Monday, January 31, 2011

Healthcare Reform: Fighting the Rear Guard Battle

So U.S. District Judge Roy Vinson up and decided the new healthcare reform law is unconstitutional.  This surprised absolutely nobody, given that the Ronald Reagan appointee had telegraphed his decision as obviously as a bad Jay Cutler pass when hearing arguments in the case last year.
And it surprises nobody that a Republican party that has absolutely no interest in doing anything but pay lip-service to reforming our nation’s appalling healthcare situation while lining their campaign chests with insurance industry cash, loudly cheered Judge Vinson’s ruling.  Democrats, meanwhile, who have been trying for nearly 100 years to fix the mess, largely passed it off as the latest partisan development in what has been a hyper-partisan process.
This makes two Republican judges, including U.S. District Court Judge Henry Hudson just last month, who have ruled in assorted lawsuits filed by at least 26 states led by Republican governors, attorneys general, or both, that all or significant portions of the Affordable Care Act are unconstitutional.
Meanwhile, largely forgotten in all the recent hullabaloo, is that two other federal judges, both Clinton appointees, have ruled that the individual mandate to buy insurance, the crux of the dispute, IS perfectly within Congress’ authority to order.  Approximately two dozen other challenges have been unceremoniously dismissed as frivolous.
So for those of you scoring at home, the series record between the two sides currently stands at 2 wins and 2 losses apiece, with about 25 ties.  (Come to think of it, Healthcare Reform is not unlike a chess tournament between Grand Masters.)
This follows the law’s original passage in the last Congress with the help of exactly 1 Republican vote out of 177 Congressional Republicans and 41 Republican senators.  Just last week, every single Republican House member in the new Congress voted to repeal the new law.
What a shame, considering that this law will help the people who need it the most.  I’m speaking from experience here, as up until this past year, I’ve been unable to marry the woman I’ve been with for 10 years.  She is on the Texas High Risk Pool, a state-run pool that provides rudimentary insurance at god-awful rates to people who, like her, are unable to get insurance anywhere else because of their pre-existing conditions.

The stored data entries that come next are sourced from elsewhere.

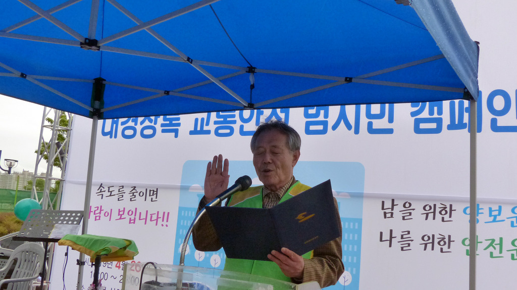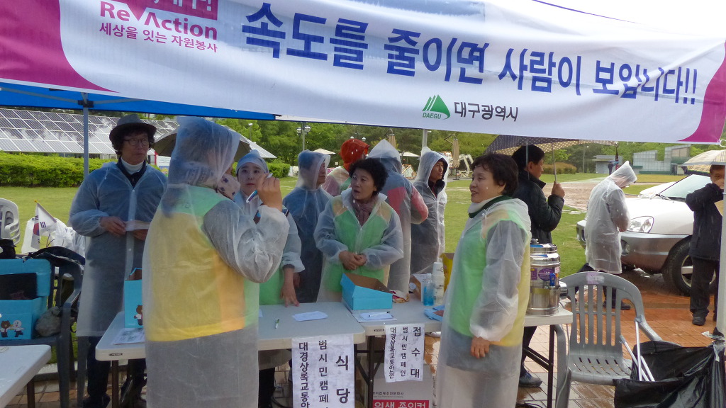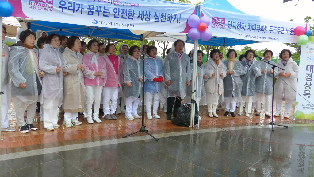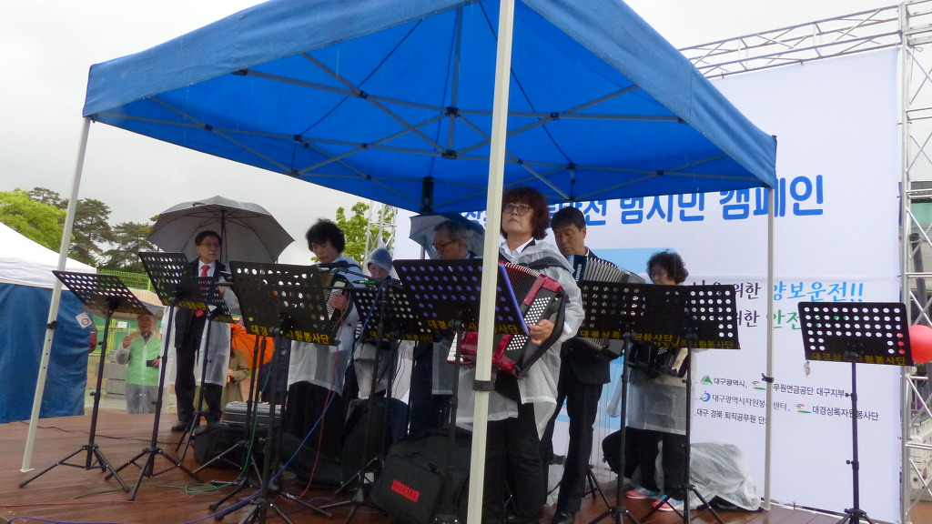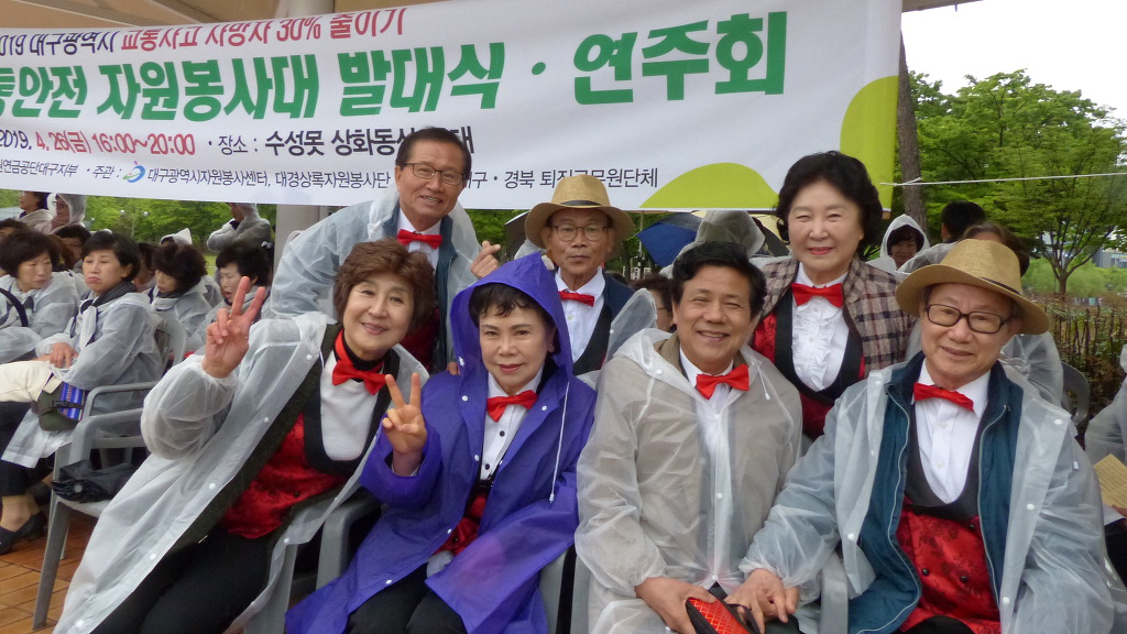 4 26(금) 수성못 상화동산 무대에서 펼쳐진 "대구광역시 교통사고 사망자 30 줄이기 " 범 시민 캠페인에 동참 하신 모든분께 감사를 드립니다..당일 날씨가 예보와 달리 행사시간에 비가 내려 첨엔 날씨를 원망 하며 걱정을 많이 했습니다만 행사에 동참하신 모든 분 께서 한 마음 한 뜻이 되셔서 격려해 주시고 즐거워 해 주셔 행사를 무사히 마칠 수 있어 정말 다행으로 생각을 합니다..참가 해 주신 모든 분께 다시 한번 감사드립니다 고맙습니다..최상순드림 -
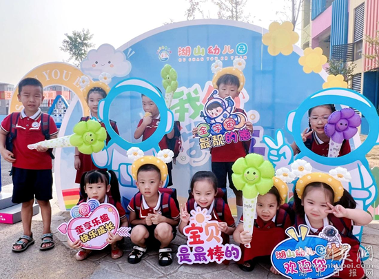 大王百花八祥幼兒園里,園長媽媽和老師們在門口熱情地迎接每一位小朋友的到來,為孩子們送上新學(xué)期的第一份祝福。
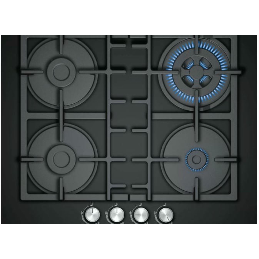 Для надежной установки посуды предусмотрены чугунные решетки. Управление осуществляется при помощи поворотных переключателей, в которые встроен автоматический электроподжиг.
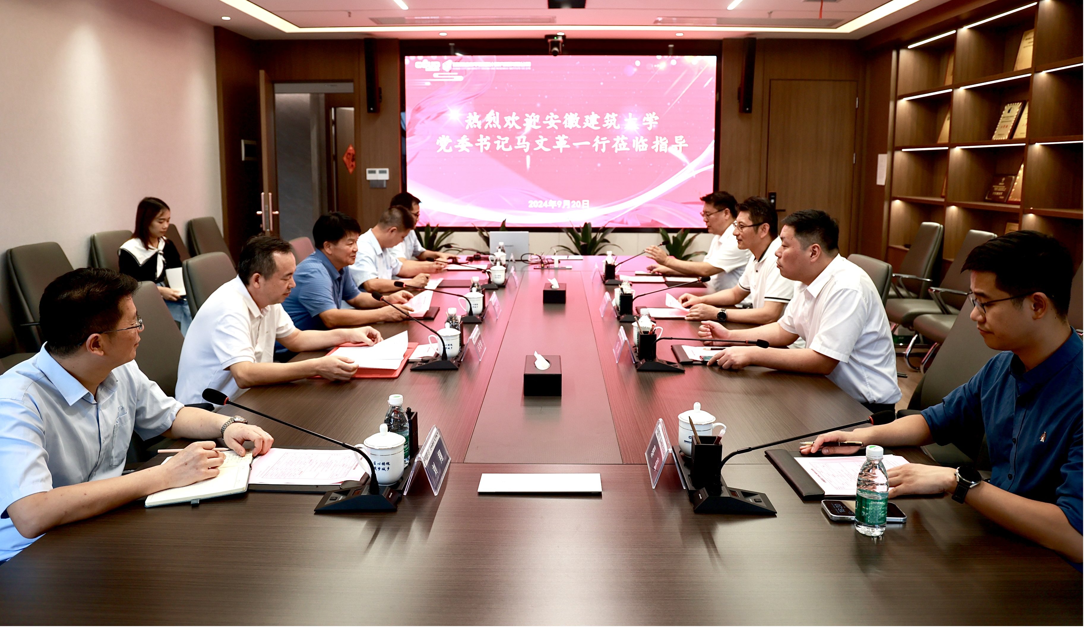 9月20日,马文革一行来到湖南城市学院设计研究院交流学习,与湖南城市学院原党委书记汤放华、校党委委员、党委组织部部长吕贤军、资产经营有限公司党委书记、设计研究院院长李志学等相关部门负责人就校企建设与人才培养等问题进行座谈。
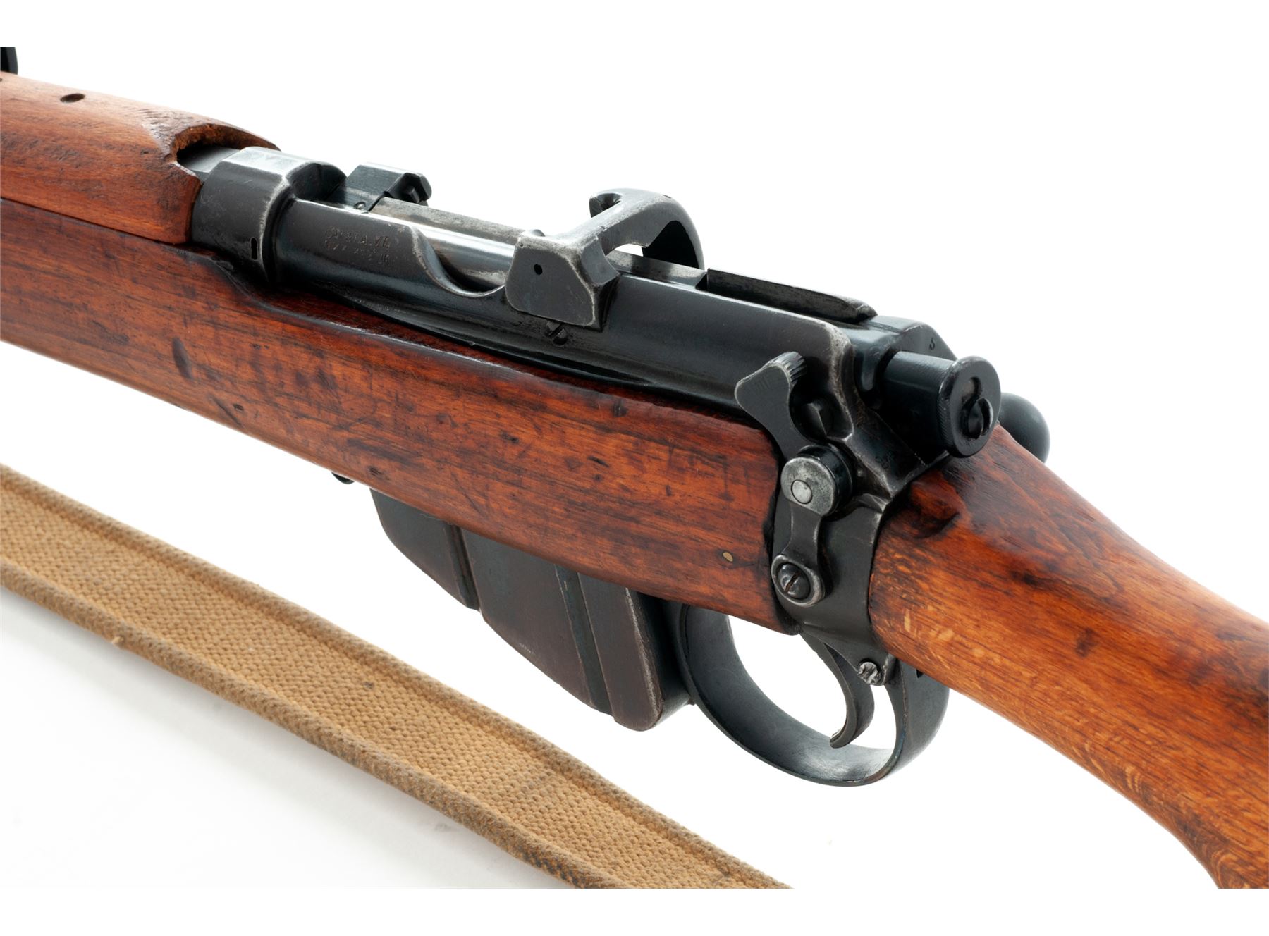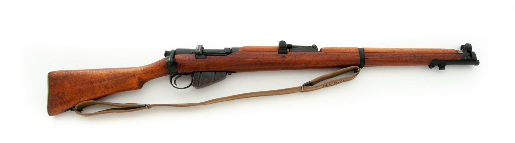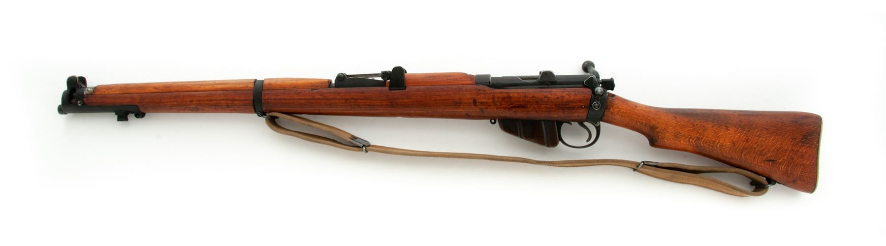 British No. 1 Mk III Lee-Enfield Bolt Action Rifle, #S8148, .303 British cal., 25.2'' barrel, blued finish, hardwood stock, blade front sight with protective ears and adjustable leaf rear sight. Marked on right side of action body ''(crown) G.R LSA CO.LD 1915 SHT.L.E III''. Matching numbers on bolt handle, rear sight, and nosecap. No serial numbers on magazine. Condition overall is very good with approx. 80% finish remaining on the metal with the nose cap and front band refinished. Wood has been sanded and refinished with a flat stain. Action is smooth, bore is excellent. Import stamped on left side of receiver. Includes a British cotton sling in good condition which has a name written on it. Est.: $300-$400. (C&R)
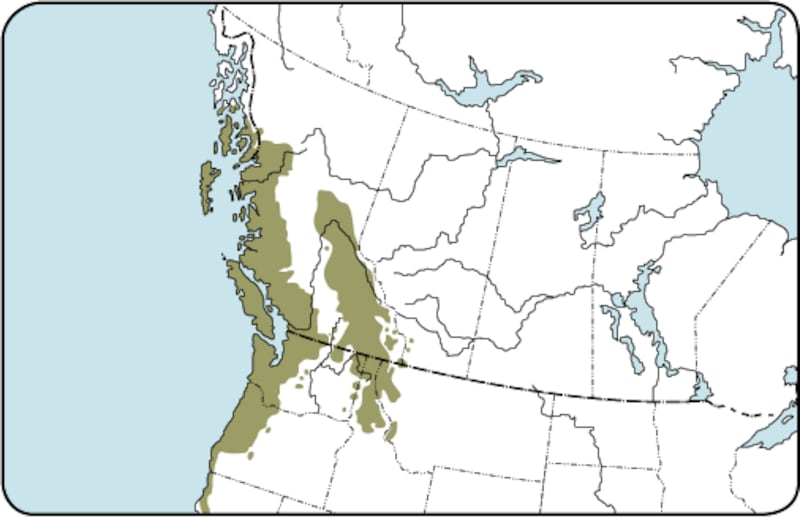 西部红柏分布图(加拿大自然资源部)

I work at a small business that miraculously offered group coverage…BUT if my fiancée forever and I ever got married, the rules stipulate that my employer would have had to offer her coverage as well, and she would have had to go on that coverage.  As this would have raised rates on everybody at the company, we made the painful decision to forgo marriage.
Now we can get married after all, however, because the rates under the current PRE-reform rules have skyrocketed so much that my coverage has been dropped anyway.
The Republicans are content with this status quo.  And people wonder why I so-loathe the do-nothing Party of No.
So, yes what a shame.  And what a sham, considering that the individual mandate was originally a Republican idea, urged for consideration by Sen. Orrin Hatch, former Sen. Robert Dole, (his party’s 1996 presidential nominee), and others, back in the days when Republicans were actually interested in trying to help govern instead of simply tearing down the government.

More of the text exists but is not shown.